• **Provided material**
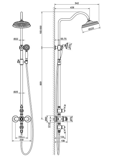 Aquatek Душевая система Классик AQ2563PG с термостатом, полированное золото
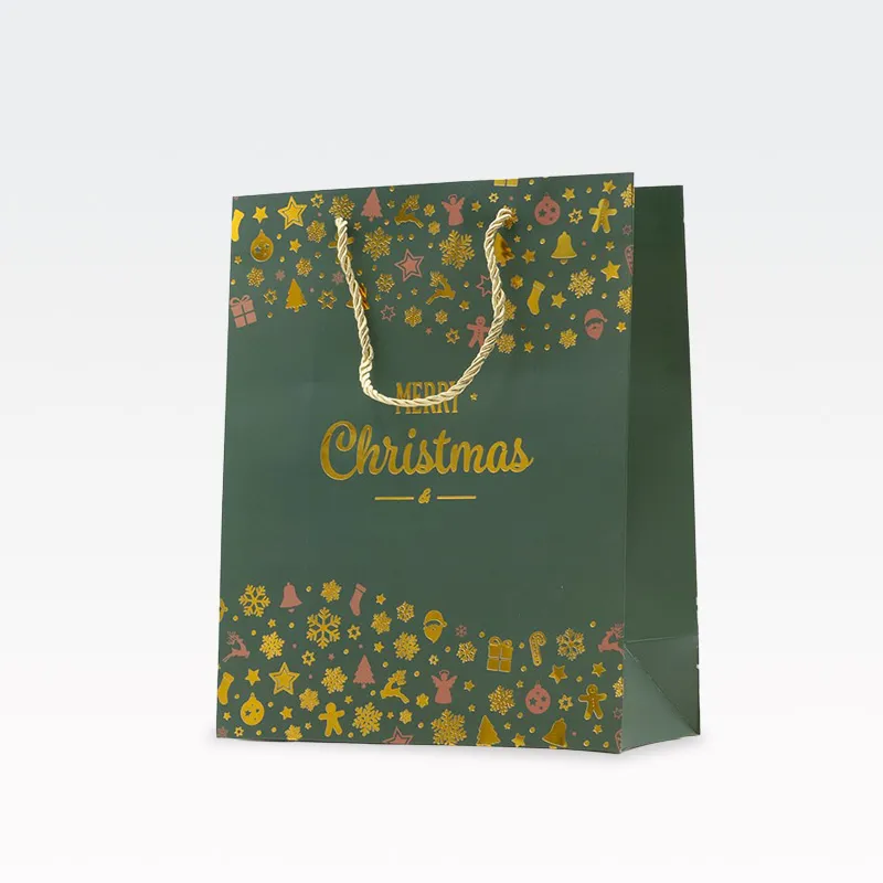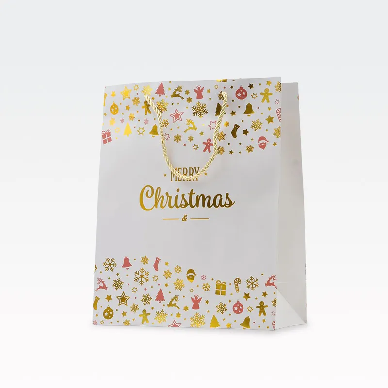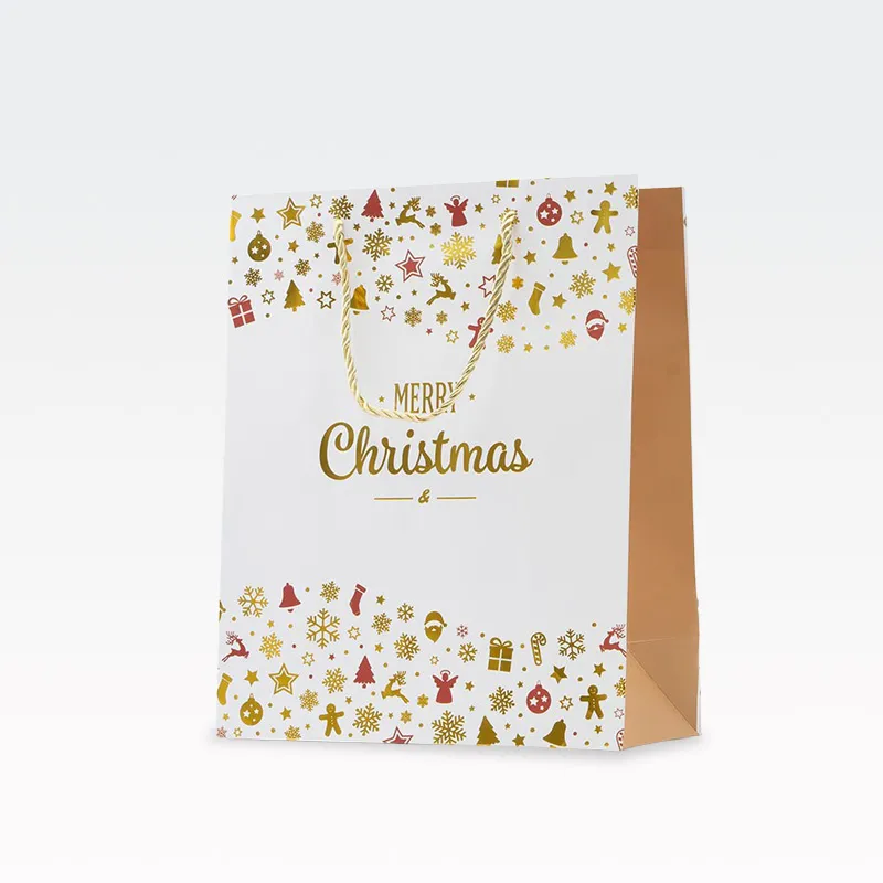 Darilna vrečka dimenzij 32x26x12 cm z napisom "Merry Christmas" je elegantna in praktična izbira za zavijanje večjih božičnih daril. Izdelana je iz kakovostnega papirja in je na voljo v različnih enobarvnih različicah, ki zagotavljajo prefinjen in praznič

* * *

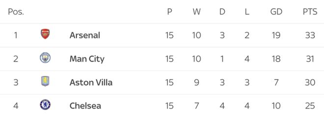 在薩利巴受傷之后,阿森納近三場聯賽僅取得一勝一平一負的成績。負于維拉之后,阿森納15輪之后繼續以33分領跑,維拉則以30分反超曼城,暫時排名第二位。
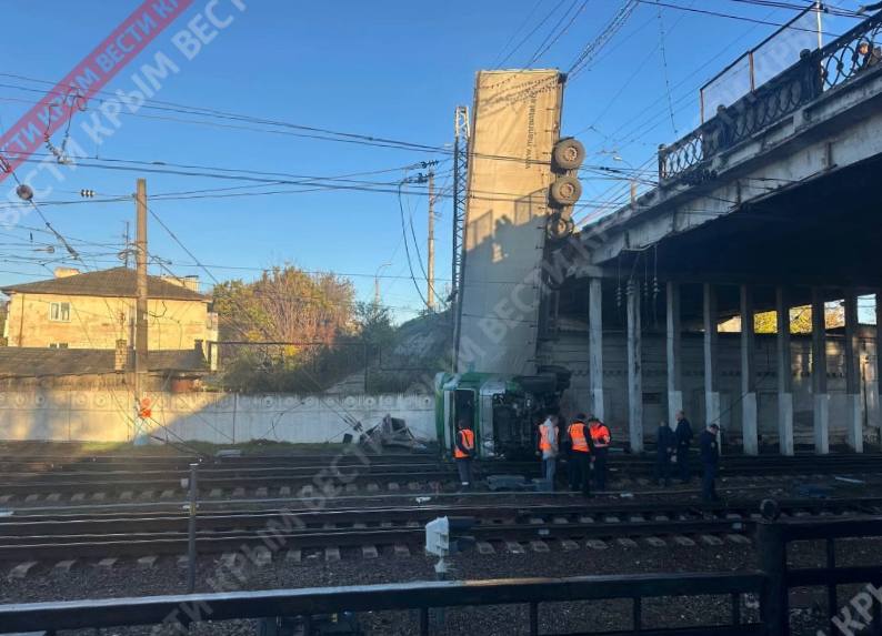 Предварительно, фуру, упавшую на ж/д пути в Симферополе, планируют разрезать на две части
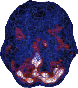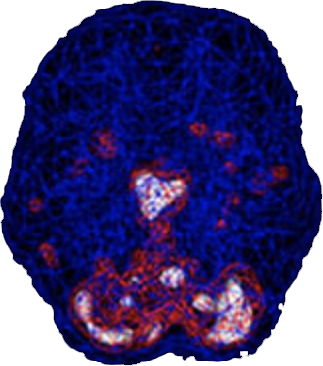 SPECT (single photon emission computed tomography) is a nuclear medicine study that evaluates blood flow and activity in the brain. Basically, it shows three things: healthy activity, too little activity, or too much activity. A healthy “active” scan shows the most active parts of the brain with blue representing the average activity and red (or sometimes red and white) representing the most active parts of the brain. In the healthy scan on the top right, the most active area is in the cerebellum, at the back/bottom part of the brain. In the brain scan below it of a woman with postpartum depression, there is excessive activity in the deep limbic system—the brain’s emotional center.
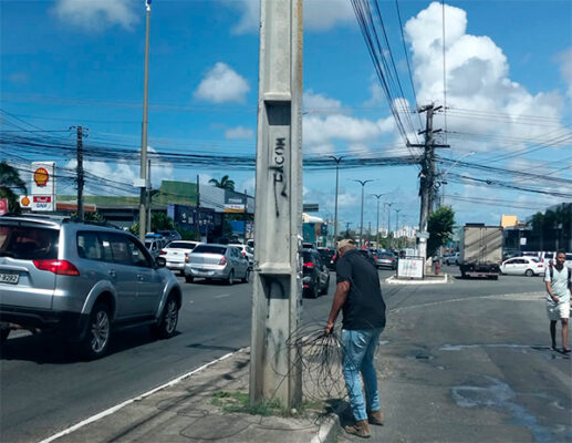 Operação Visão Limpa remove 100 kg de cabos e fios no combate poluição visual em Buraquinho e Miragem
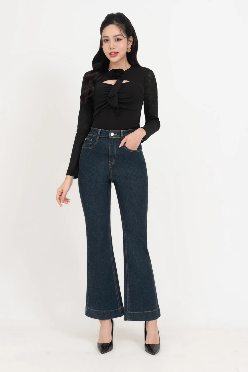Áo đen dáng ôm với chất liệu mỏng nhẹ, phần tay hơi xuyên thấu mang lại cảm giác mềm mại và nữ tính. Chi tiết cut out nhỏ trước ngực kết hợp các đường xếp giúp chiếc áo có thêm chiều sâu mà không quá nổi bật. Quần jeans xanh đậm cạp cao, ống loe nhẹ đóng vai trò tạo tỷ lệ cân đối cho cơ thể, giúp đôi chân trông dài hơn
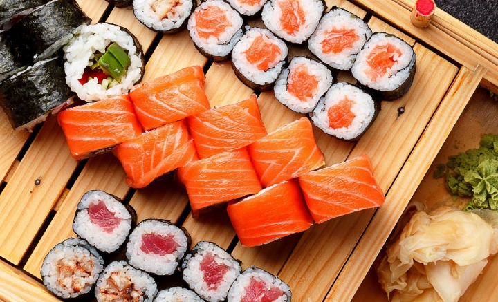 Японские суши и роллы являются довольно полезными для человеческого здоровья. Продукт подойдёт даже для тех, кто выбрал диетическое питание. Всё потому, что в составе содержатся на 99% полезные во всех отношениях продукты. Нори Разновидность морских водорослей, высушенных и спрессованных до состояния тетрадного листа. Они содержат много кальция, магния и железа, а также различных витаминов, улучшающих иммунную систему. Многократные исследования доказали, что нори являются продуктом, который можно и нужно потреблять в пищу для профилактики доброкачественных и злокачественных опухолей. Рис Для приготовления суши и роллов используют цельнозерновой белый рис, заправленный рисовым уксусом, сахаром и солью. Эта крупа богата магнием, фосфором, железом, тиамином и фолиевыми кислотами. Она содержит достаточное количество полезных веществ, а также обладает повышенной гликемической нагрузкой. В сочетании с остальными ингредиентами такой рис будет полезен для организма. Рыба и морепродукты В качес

* * *

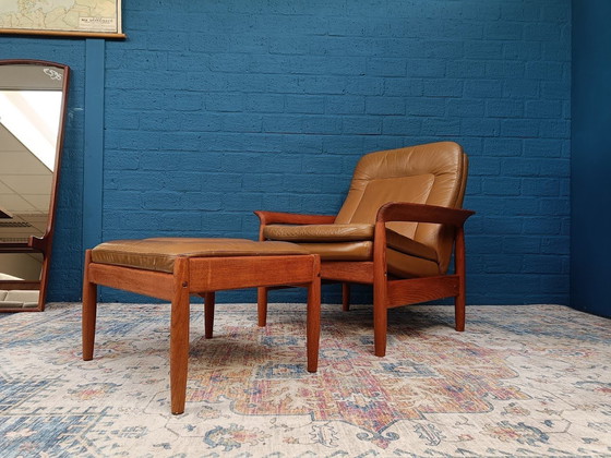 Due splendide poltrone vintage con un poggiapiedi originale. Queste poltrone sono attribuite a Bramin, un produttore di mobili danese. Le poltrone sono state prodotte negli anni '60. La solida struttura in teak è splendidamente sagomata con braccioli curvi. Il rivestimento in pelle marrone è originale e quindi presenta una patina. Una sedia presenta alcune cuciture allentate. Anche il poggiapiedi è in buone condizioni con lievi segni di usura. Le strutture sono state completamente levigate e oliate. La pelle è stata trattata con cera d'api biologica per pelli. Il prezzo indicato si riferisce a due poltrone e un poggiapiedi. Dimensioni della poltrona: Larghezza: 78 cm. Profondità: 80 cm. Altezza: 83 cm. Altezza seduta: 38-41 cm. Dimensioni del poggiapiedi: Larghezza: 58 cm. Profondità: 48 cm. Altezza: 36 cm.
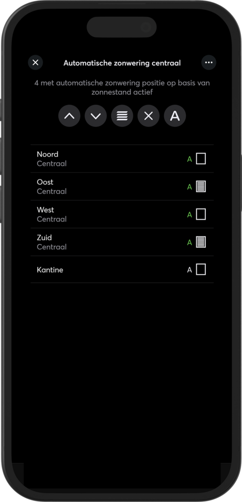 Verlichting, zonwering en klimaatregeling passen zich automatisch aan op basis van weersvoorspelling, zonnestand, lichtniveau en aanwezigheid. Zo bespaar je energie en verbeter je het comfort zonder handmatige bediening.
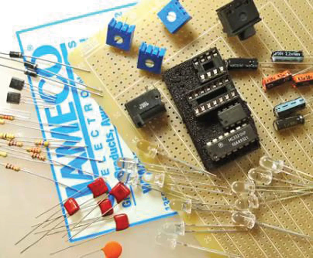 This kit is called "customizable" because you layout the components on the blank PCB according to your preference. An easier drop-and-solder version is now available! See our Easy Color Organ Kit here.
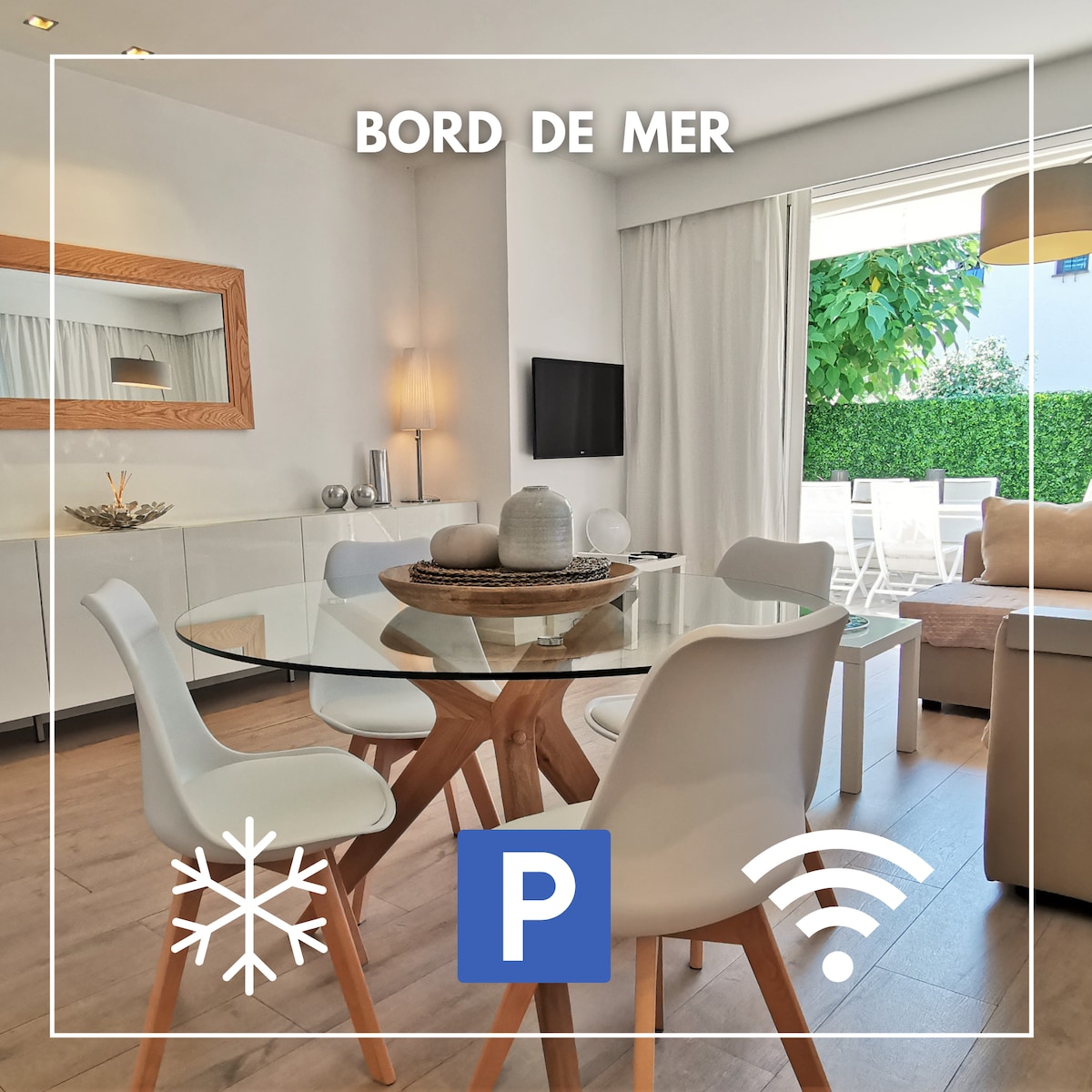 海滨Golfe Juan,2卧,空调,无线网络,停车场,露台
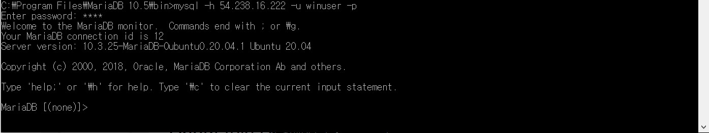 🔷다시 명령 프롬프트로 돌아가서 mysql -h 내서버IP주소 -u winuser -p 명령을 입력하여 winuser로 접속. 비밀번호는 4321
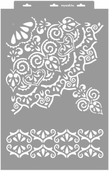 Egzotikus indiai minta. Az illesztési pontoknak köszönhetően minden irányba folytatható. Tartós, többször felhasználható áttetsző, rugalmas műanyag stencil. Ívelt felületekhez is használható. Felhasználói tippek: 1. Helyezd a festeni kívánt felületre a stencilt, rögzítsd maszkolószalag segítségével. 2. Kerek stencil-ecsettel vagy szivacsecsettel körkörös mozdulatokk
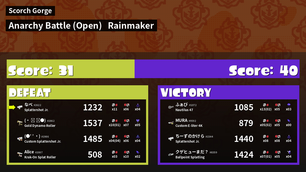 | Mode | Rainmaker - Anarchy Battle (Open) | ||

• **About this exercise**
Only the lines above starting with the line with "海滨Golfe Juan,2卧,空调,无线网络,停车场,露台" and going on through the line with "Battle (Open) | ||" belong in the answer; repeat them exactly, minus any picture.

• **Solution**
 海滨Golfe Juan,2卧,空调,无线网络,停车场,露台
 🔷다시 명령 프롬프트로 돌아가서 mysql -h 내서버IP주소 -u winuser -p 명령을 입력하여 winuser로 접속. 비밀번호는 4321
 Egzotikus indiai minta. Az illesztési pontoknak köszönhetően minden irányba folytatható. Tartós, többször felhasználható áttetsző, rugalmas műanyag stencil. Ívelt felületekhez is használható. Felhasználói tippek: 1. Helyezd a festeni kívánt felületre a stencilt, rögzítsd maszkolószalag segítségével. 2. Kerek stencil-ecsettel vagy szivacsecsettel körkörös mozdulatokk
 | Mode | Rainmaker - Anarchy Battle (Open) | ||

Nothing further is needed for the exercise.